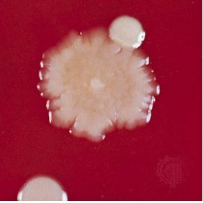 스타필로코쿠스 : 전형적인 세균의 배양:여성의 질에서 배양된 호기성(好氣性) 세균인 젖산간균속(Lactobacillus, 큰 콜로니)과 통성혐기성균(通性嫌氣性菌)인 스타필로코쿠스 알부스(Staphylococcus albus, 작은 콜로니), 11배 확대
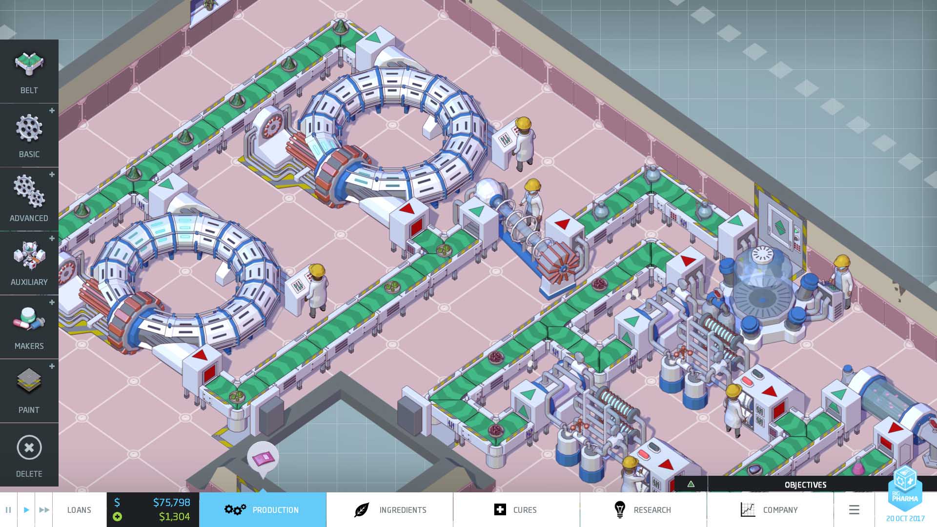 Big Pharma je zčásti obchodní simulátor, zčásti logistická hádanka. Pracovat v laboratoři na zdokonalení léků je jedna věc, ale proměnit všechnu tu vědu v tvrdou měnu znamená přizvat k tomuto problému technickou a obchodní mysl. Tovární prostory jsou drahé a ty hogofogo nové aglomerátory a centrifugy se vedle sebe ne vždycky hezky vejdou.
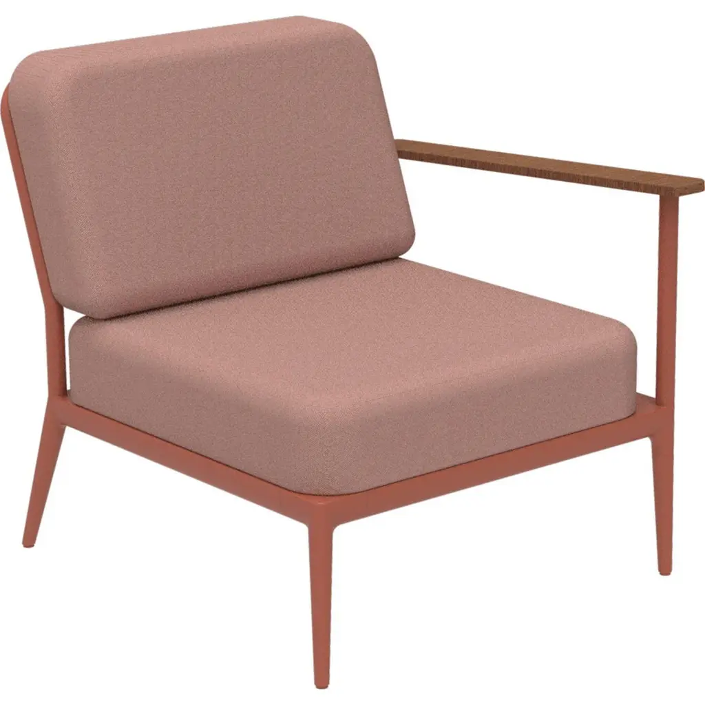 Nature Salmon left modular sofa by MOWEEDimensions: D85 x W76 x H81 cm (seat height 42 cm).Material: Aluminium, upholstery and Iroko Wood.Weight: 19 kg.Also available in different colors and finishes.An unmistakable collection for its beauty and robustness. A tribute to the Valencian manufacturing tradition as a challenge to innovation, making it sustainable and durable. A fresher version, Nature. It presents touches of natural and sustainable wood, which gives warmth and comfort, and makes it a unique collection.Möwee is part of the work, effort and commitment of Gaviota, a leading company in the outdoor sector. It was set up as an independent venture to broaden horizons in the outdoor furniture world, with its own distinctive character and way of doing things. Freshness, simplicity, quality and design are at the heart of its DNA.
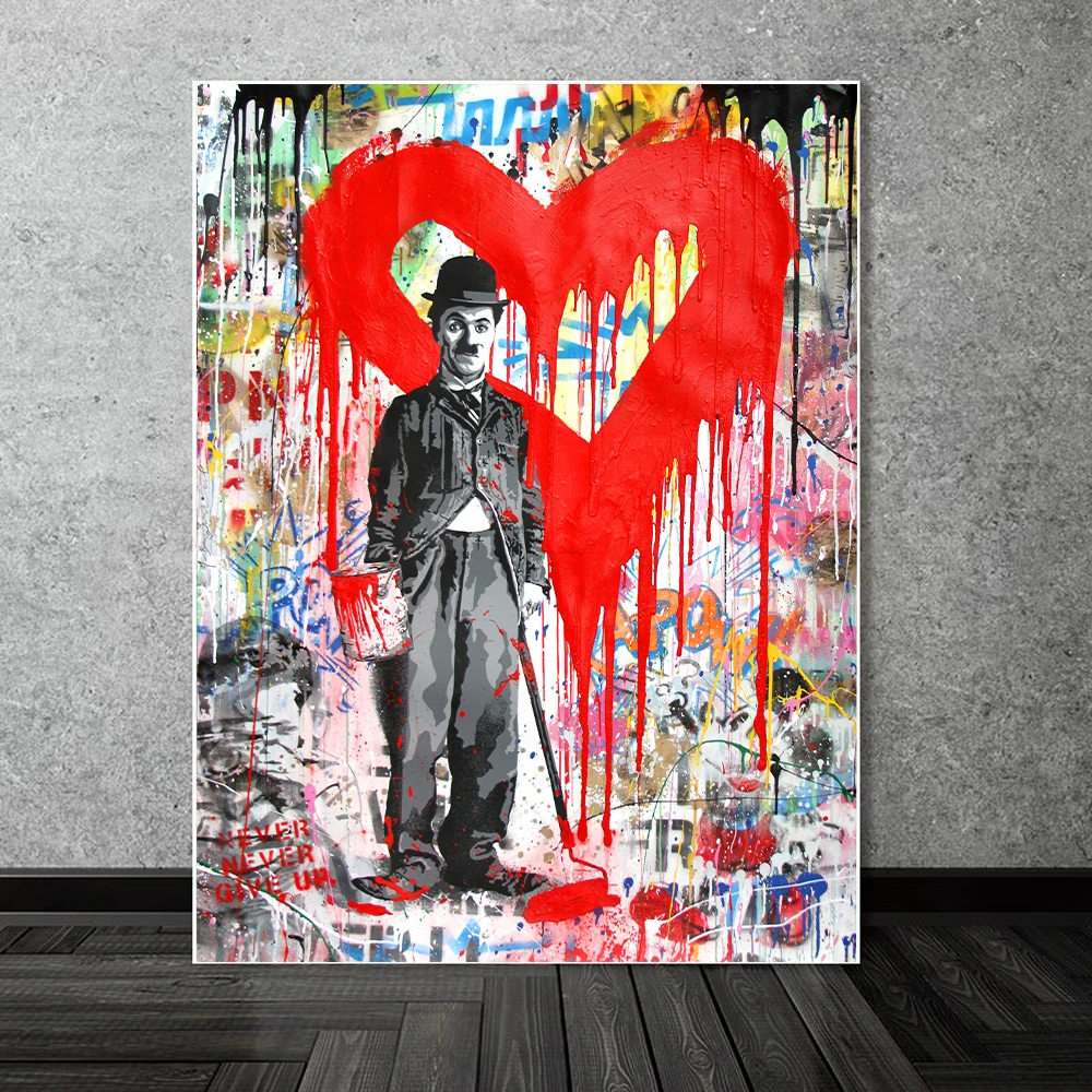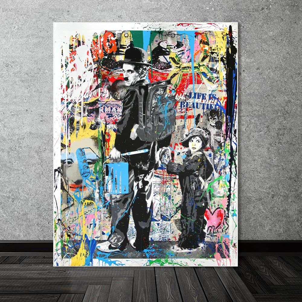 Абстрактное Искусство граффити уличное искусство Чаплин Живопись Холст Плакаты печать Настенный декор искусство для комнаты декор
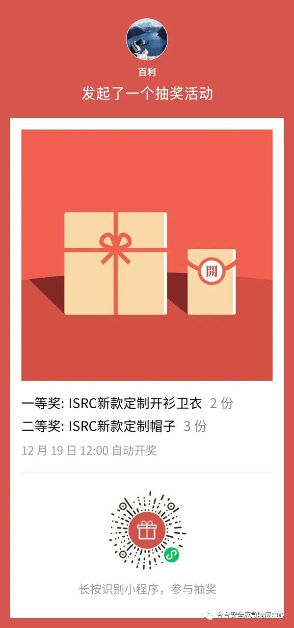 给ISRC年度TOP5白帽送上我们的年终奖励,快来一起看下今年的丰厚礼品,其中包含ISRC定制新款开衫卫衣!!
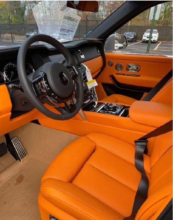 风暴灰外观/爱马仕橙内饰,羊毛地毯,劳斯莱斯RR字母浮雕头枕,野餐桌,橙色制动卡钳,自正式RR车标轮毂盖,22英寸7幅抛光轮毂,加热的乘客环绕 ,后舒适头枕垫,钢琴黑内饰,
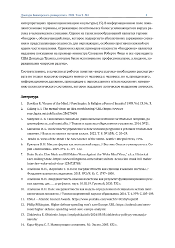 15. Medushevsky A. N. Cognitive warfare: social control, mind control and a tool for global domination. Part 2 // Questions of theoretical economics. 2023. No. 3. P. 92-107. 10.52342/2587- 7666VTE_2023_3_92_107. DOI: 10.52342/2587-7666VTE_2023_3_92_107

* * *

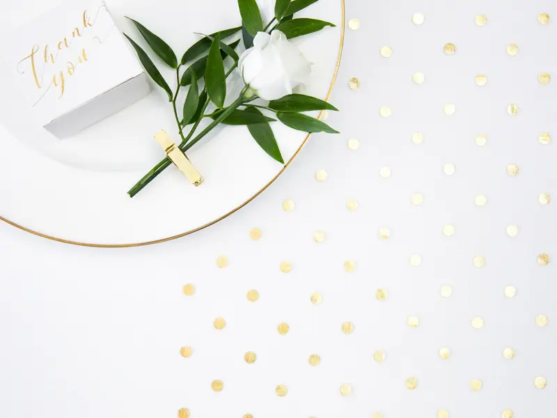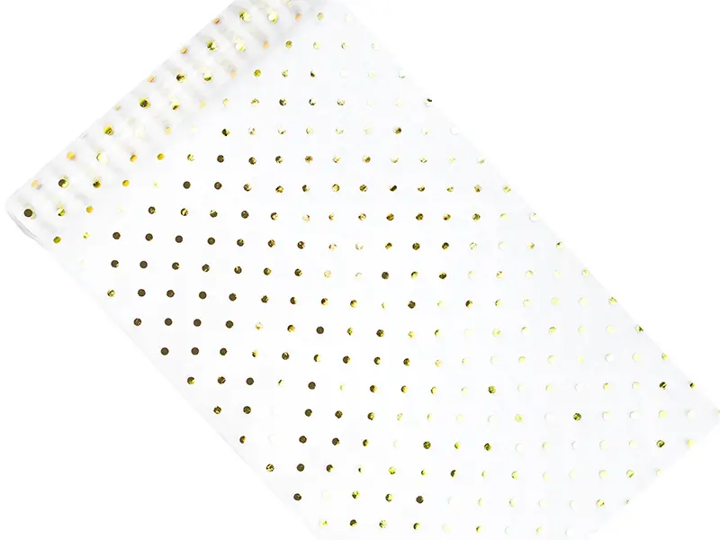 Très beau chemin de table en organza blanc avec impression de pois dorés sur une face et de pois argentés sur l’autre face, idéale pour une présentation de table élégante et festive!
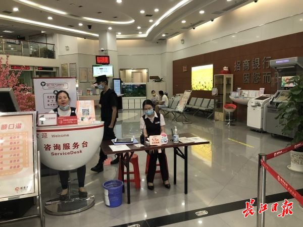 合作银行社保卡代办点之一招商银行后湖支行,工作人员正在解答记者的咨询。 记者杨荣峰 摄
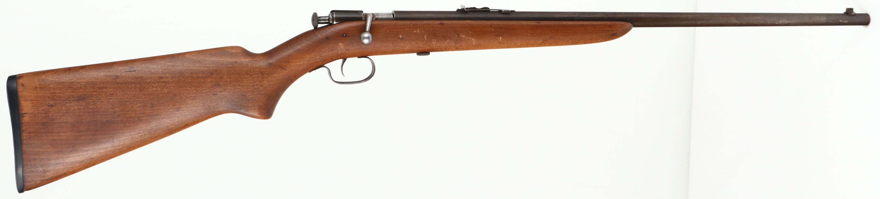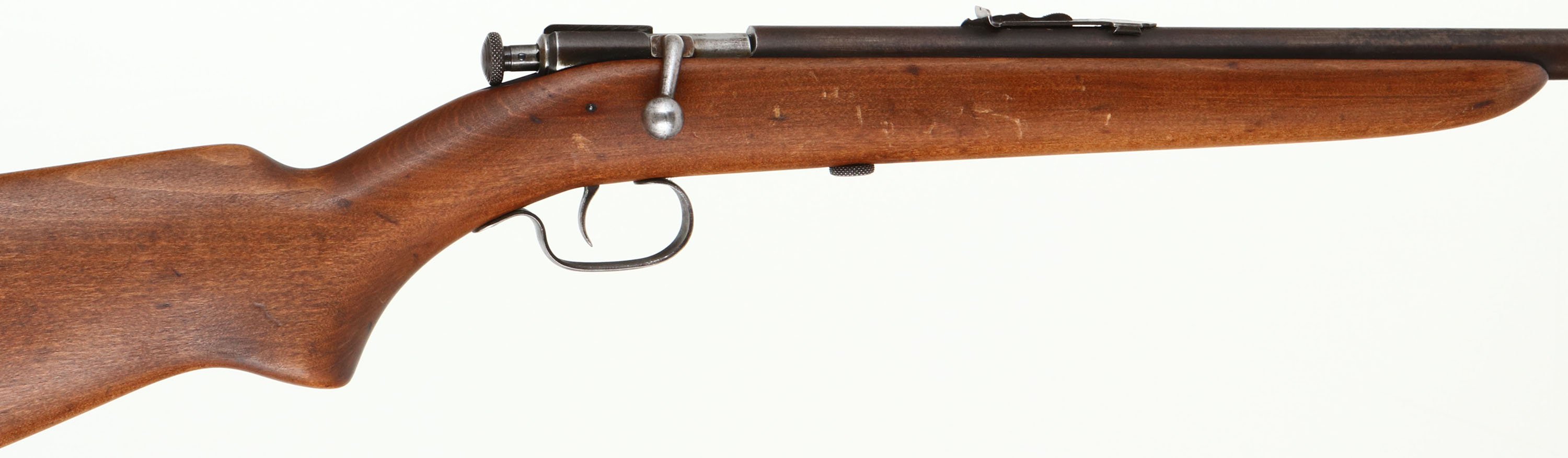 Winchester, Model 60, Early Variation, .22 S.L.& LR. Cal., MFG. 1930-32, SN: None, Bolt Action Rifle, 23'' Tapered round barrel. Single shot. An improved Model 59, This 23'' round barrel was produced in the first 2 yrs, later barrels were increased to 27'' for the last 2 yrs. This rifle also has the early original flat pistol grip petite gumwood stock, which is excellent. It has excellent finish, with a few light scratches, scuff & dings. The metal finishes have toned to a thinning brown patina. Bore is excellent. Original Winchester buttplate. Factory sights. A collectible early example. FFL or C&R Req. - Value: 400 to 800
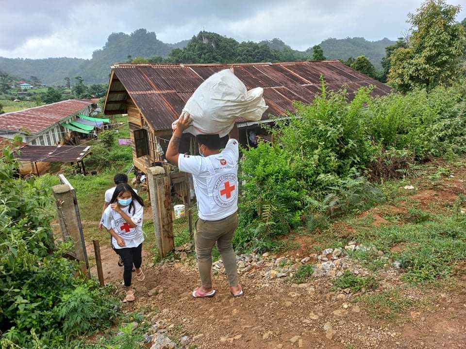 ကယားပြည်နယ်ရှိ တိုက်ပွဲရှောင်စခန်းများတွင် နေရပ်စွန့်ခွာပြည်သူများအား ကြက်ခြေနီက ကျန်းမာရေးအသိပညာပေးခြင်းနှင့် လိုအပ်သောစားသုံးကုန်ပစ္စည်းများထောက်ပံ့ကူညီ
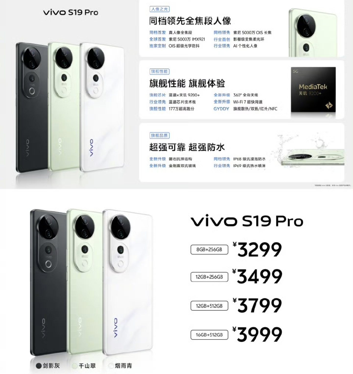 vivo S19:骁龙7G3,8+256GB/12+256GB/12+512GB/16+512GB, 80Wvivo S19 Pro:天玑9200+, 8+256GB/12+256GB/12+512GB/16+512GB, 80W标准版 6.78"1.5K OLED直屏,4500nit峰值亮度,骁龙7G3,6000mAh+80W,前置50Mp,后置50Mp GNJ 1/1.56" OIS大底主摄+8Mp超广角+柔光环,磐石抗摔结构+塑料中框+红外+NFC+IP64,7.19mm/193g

**EXERCISE BRIEF:** Copy the lines above exactly, starting at the one with "Абстрактное Искусство граффити" and ending at the one with "风暴灰外观/爱马仕橙内饰,羊", both included. Leave out any pictures and add nothing else.

**RESPONSE AREA:**
 Абстрактное Искусство граффити уличное искусство Чаплин Живопись Холст Плакаты печать Настенный декор искусство для комнаты декор
 给ISRC年度TOP5白帽送上我们的年终奖励,快来一起看下今年的丰厚礼品,其中包含ISRC定制新款开衫卫衣!!
 风暴灰外观/爱马仕橙内饰,羊毛地毯,劳斯莱斯RR字母浮雕头枕,野餐桌,橙色制动卡钳,自正式RR车标轮毂盖,22英寸7幅抛光轮毂,加热的乘客环绕 ,后舒适头枕垫,钢琴黑内饰,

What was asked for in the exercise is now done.